“Graham Hoppe’s Gone Dollywood places Dolly Parton’s theme park, persona, and career within a broader history of the collisions of fact and fantasy, folk and celebrity, and art and commerce that have buffeted the Tennessee mountains Dolly calls home. Like Parton herself, the book is disarmingly open and friendly on its surface, with an impressive core of smart and savvy.”
Gone Dollywood
Dolly Parton isn’t just a country music superstar. She has built an empire. At the heart of that empire is Dollywood, a 150-acre fantasy land that hosts three million people a year. Parton’s prodigious talent and incredible celebrity have allowed her to turn her hometown into one of the most popular tourist destinations in America. The crux of Dollywood’s allure is its precisely calibrated Appalachian image, itself drawn from Parton’s very real hardscrabble childhood in the mountains of east Tennessee.
What does Dollywood have to offer besides entertainment? What do we find if we take this remarkable place seriously? How does it both confirm and subvert outsiders’ expectations of Appalachia? What does it tell us about the modern South, and in turn what does that tell us about America at large? How is regional identity molded in service of commerce, and what is the interplay of race, gender, and class when that happens?

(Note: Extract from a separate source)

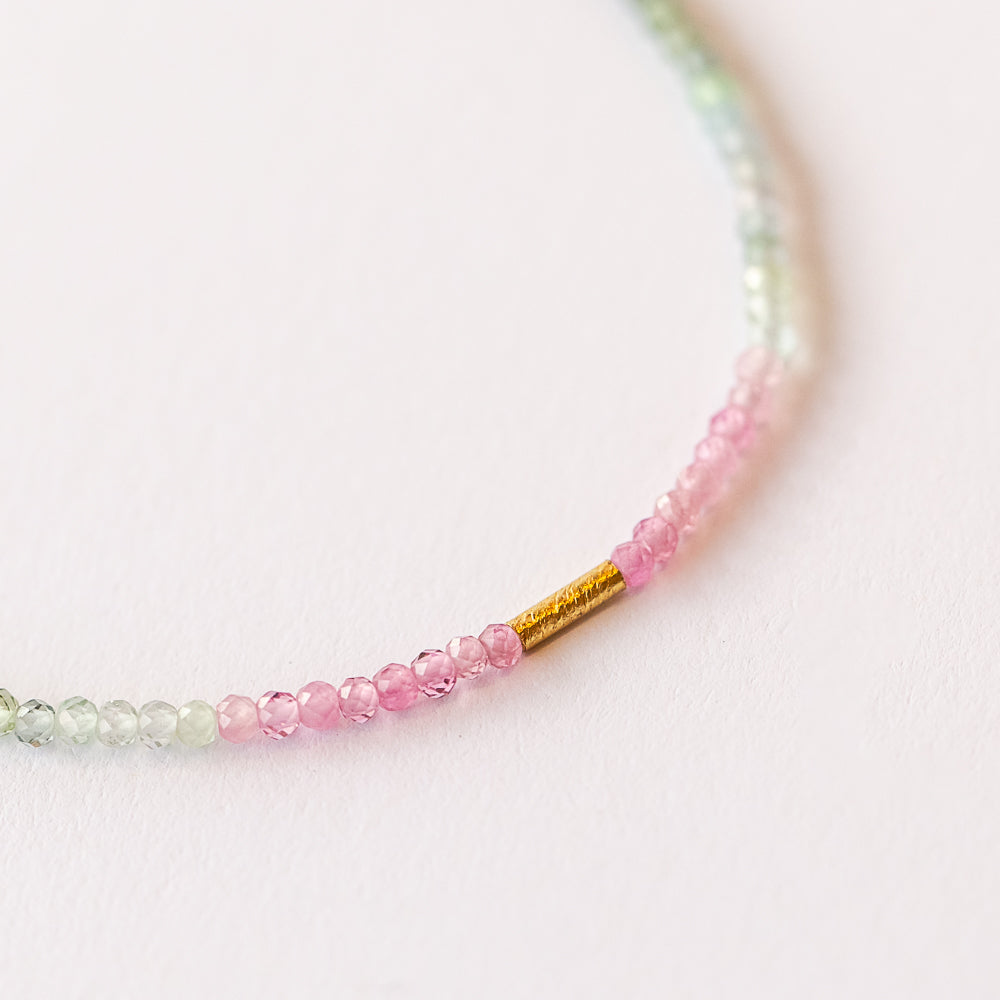 Margaret Solow | Pink and Green Tourmaline Beaded Bracelet with Gold Tube Bead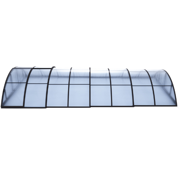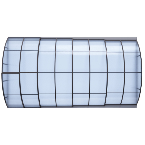 Продолжение направляющих рельсов обеспечивает дополнительный комфорт, позволяя максимально использовать всю полезную площадь бассейна и обеспечивая доступность ко всем его сторонам. Стандартная длина направляющих рельсов соответствует размеру павильона и идеально подходит для маленького сада с бассейном. Все павильоны оснащены направляющими рельсами с обеих сторон, обеспечивая полную функциональность и удобство использования. Длина направляющих рельсов точно соответствует общей длине павильона.

In Gone Dollywood, Graham Hoppe blends tourism studies, celebrity studies, cultural analysis, folklore, and the acute observations and personal reflections of longform journalism into an unforgettable interrogation of Southern and American identity.
About
Graham Hoppe writes about culture and history with a focus on food, music, and tourism. He is a graduate of the folklore program at the University of North Carolina at Chapel Hill. While at UNC he studied topics such as Cracker Barrel, firehouse dinners, and parking garages. His first book, Gone Dollywood, is available now from Ohio University Press. Raised in Indianapolis, Indiana, Graham currently lives in Raleigh, North Carolina.